Entries taken from a collection

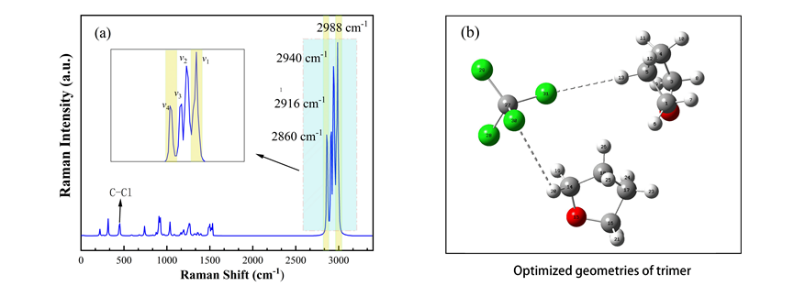 为了进一步阐明增强机制,作者通过密度泛函理论(DFT)模拟计算了CTC与THF混合的弱氢键耦合作用。结果表明:当THF和CTC的比为2:1时,在弱氢键作用下形成了三聚体,与实验结果高度一致。
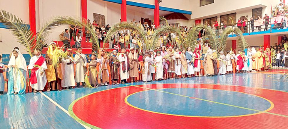 Por la tarde, se celebró una eucaristía en el coliseo San Cristóbal y posteriormente hubo una procesión hacia la Catedral Metropolitana, denominada “Ramos Infantil”, con la participación de algunos establecimientos de la Comunidad Educativa del Arzobispado de Sucre (CEAS).
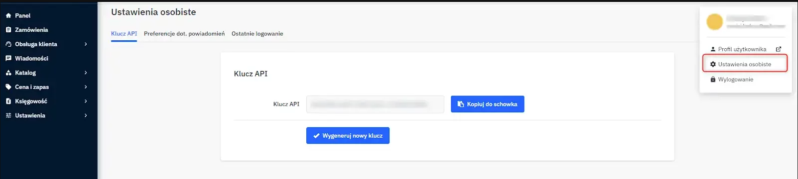 – Klucz API nie został wygenerowany, wybieramy „wygeneruj nowy klucz” -> „Kopiuj do schowka”
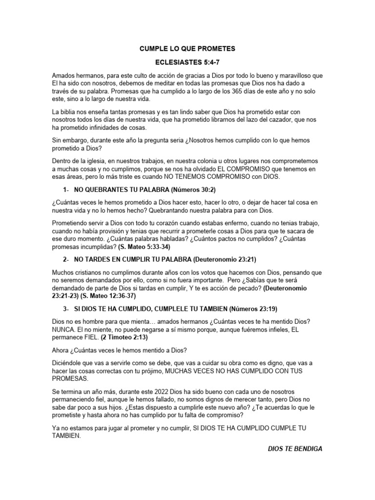 Ya no estamos para jugar al prometer y no cumplir, SI DIOS TE HA CUMPLIDO CUMPLE TU
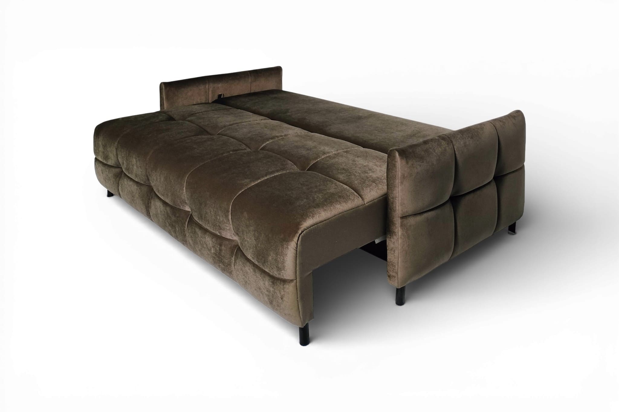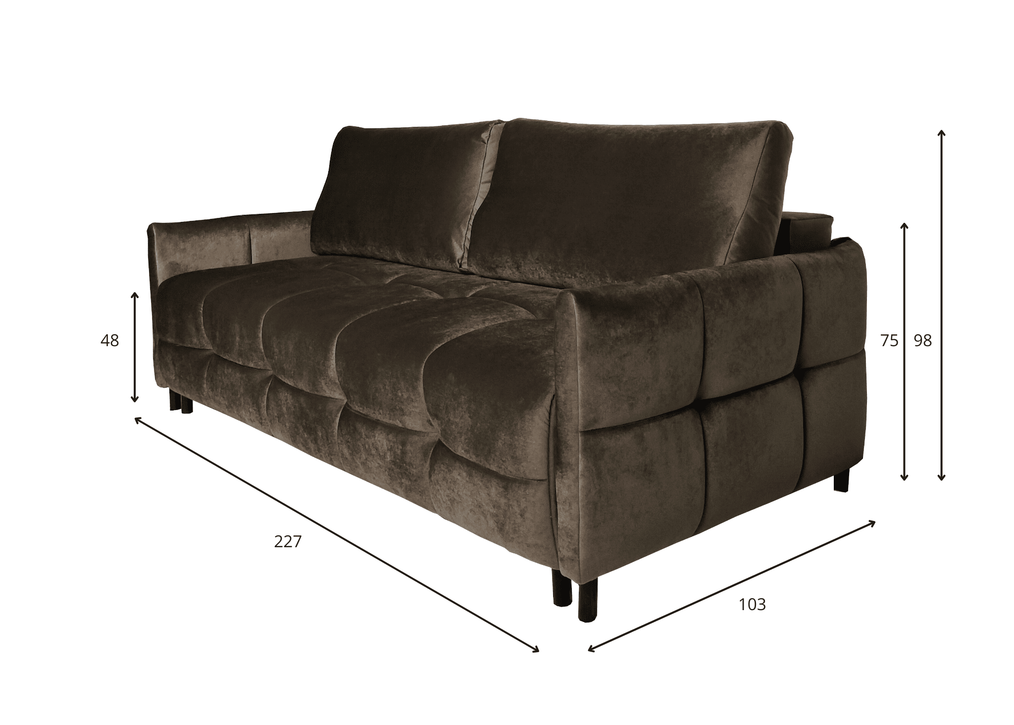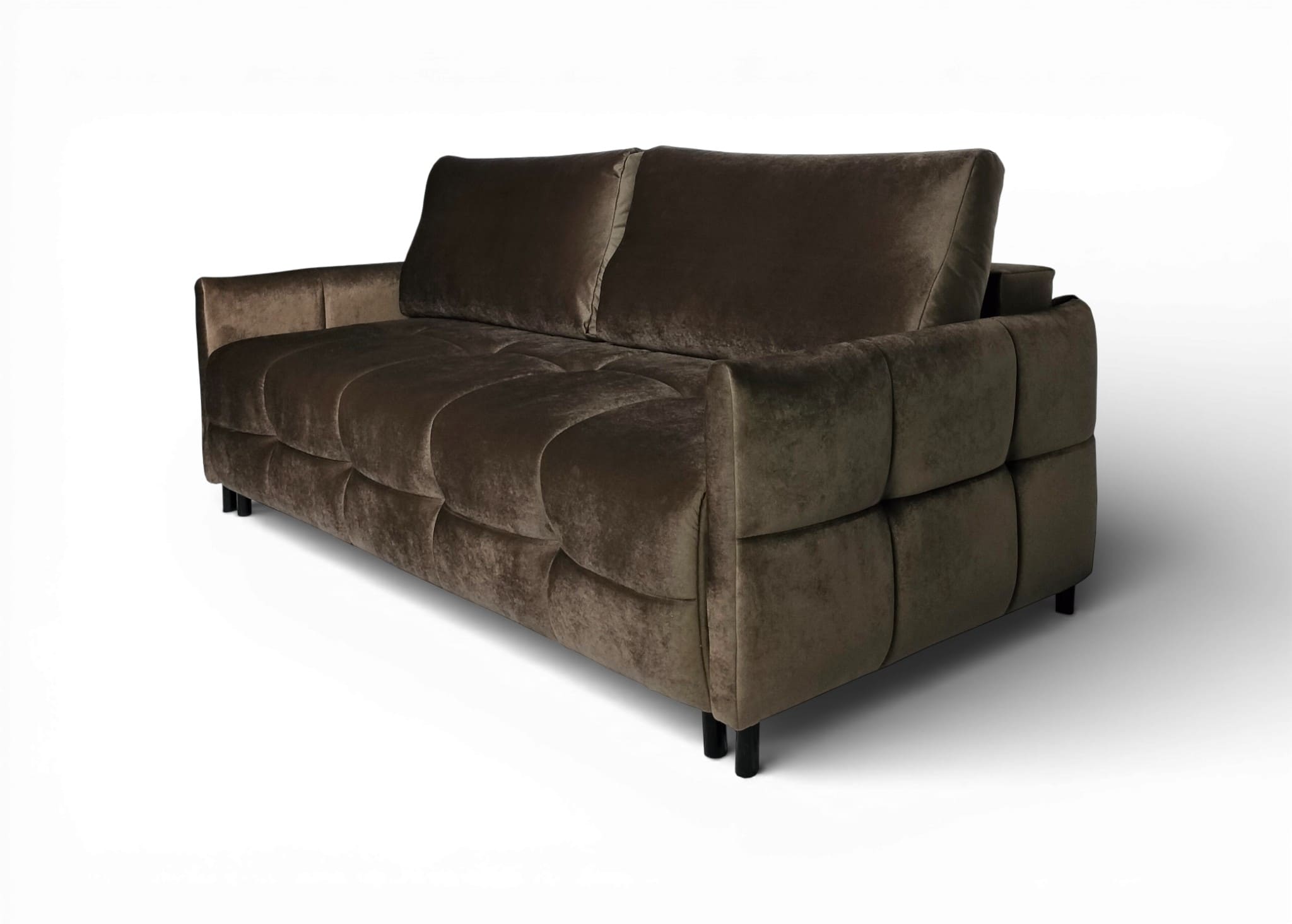 Kanapa charakteryzuje się prostą, nowoczesną formą oraz wyraźnie zaznaczonymi

- **Goal of the exercise**
No pictures should appear; only the lines from the first line of the records through the line with "Ya no estamos", both included, are to be restated word for word.

- **Exercise solution**
 为了进一步阐明增强机制,作者通过密度泛函理论(DFT)模拟计算了CTC与THF混合的弱氢键耦合作用。结果表明:当THF和CTC的比为2:1时,在弱氢键作用下形成了三聚体,与实验结果高度一致。
 Por la tarde, se celebró una eucaristía en el coliseo San Cristóbal y posteriormente hubo una procesión hacia la Catedral Metropolitana, denominada “Ramos Infantil”, con la participación de algunos establecimientos de la Comunidad Educativa del Arzobispado de Sucre (CEAS).
 – Klucz API nie został wygenerowany, wybieramy „wygeneruj nowy klucz” -> „Kopiuj do schowka”
 Ya no estamos para jugar al prometer y no cumplir, SI DIOS TE HA CUMPLIDO CUMPLE TU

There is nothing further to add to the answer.